Another officer was shot in the leg with a .44-caliber handgun or a “cannon,” earlier that day, he said.
Knowing that kind of firepower is on his neighborhood streets, gives McFadden all the more reason to push for a bill to give more ammunition to police officers who are fighting the war on crime.
To make up for equipment shortfalls, the bill will set up a $2 million fund to provide police officers statewide with “technologically savvy stuff” like raid jackets, surveillance equipment, prison transportation vehicles and cell-telephone tracking devices.
More crime-stricken jurisdictions like Baltimore, Anne Arundel, Montgomery, and Prince George’s will benefit the most from the measure because allocations will be based on the number of crimes rather than population.
Although the measure is in the House Appropriations Committee where it died last year, Committee Chairman Howard P. Rawlings, D-Baltimore, said he’s certain it will pass.
But the governor hasn’t put the money in the supplemental budget he released Friday, Rawlings said.
That means it will be a “passed bill with no teeth” as Aaron Greenfield of Baltimore Mayor Martin O’Malley’s office said.
There’s still a chance, according to the governor’s spokeswoman, that Glendening will look over the bill and issue a second supplemental budget.
Even the Governor’s Office of Crime Control and Prevention, which is supposed to supervise the fund, is unsure of what will happen with the bill.
“We don’t even know if the governor will sign it — we all know the concerns over the budget” said Joe Sviatko, spokesman for the crime control office. “But if it is signed, we will administer it.”

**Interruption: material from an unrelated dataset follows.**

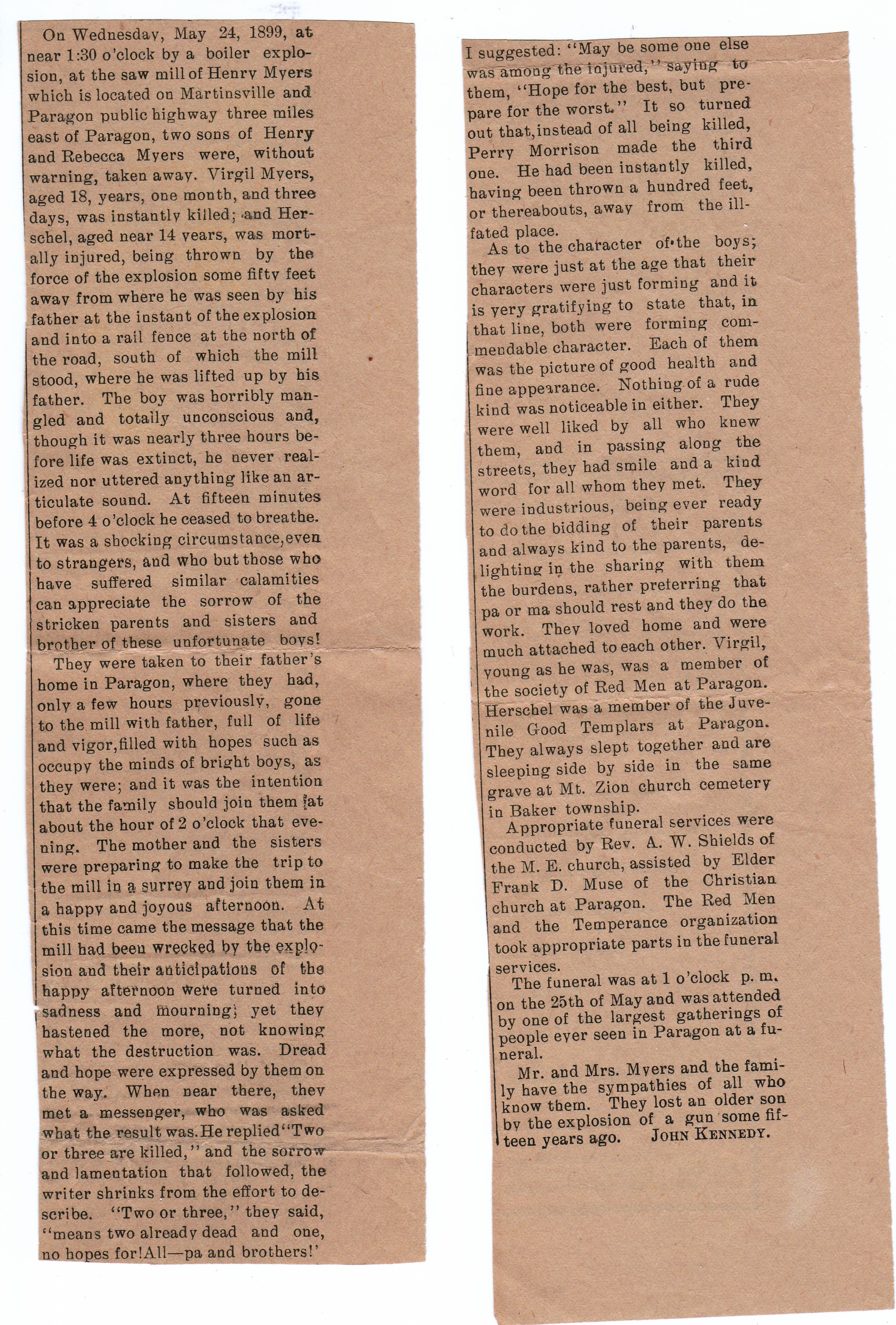 | Other | Age 18 years, 1 month, and 3 days. Was instantly killed when the boiler exploded at the Myers saw mill on the Paragon Road. He was caught by the flying debris and buried by the timbers and fragments of iron. [Saw mill was owned by his father, Henry Myers.] Also killed in the explosion were his brother, Hirschel Myers, age 14, and another worker, Perry Morrison, age 23. |

The governor’s office is predicting a tiny budget surplus at the end of this year, about $7 million, and new estimates say the state could have a $300 million deficit in 2003.
Baltimore, which has the highest incidence of violent crime in the state, is in particular need of this measure — one reason O’Malley personally testified for the bill.
Several police officers in the past two weeks have been wounded, some killed while fighting to carry out O’Malley’s No. 1 priority to rid city streets of drugs and violent crimes.
“They’re using guns – 15 inches long, with 9-and-a-half-inch barrels. In other words, this will blow you to kingdom come,” McFadden said. “It’s time to even out the score.”
Cameras allowing officers to see a 10-block radius, are one way to even the playing field according to Delegate Salima Marriott, D-Baltimore.
“It will allow them to zoom in on crime scenes that are distances away, so they can have their eyes and ears in more than one place,” she said.
And McFadden is ready to give local officers whatever they need to fight crime.
“We want to win this battle,” he said. “I hate to say this but if they have a cannon, I want a cannon for my police officers too. The advantage needs to be to those who uphold the law not those who break the laws.”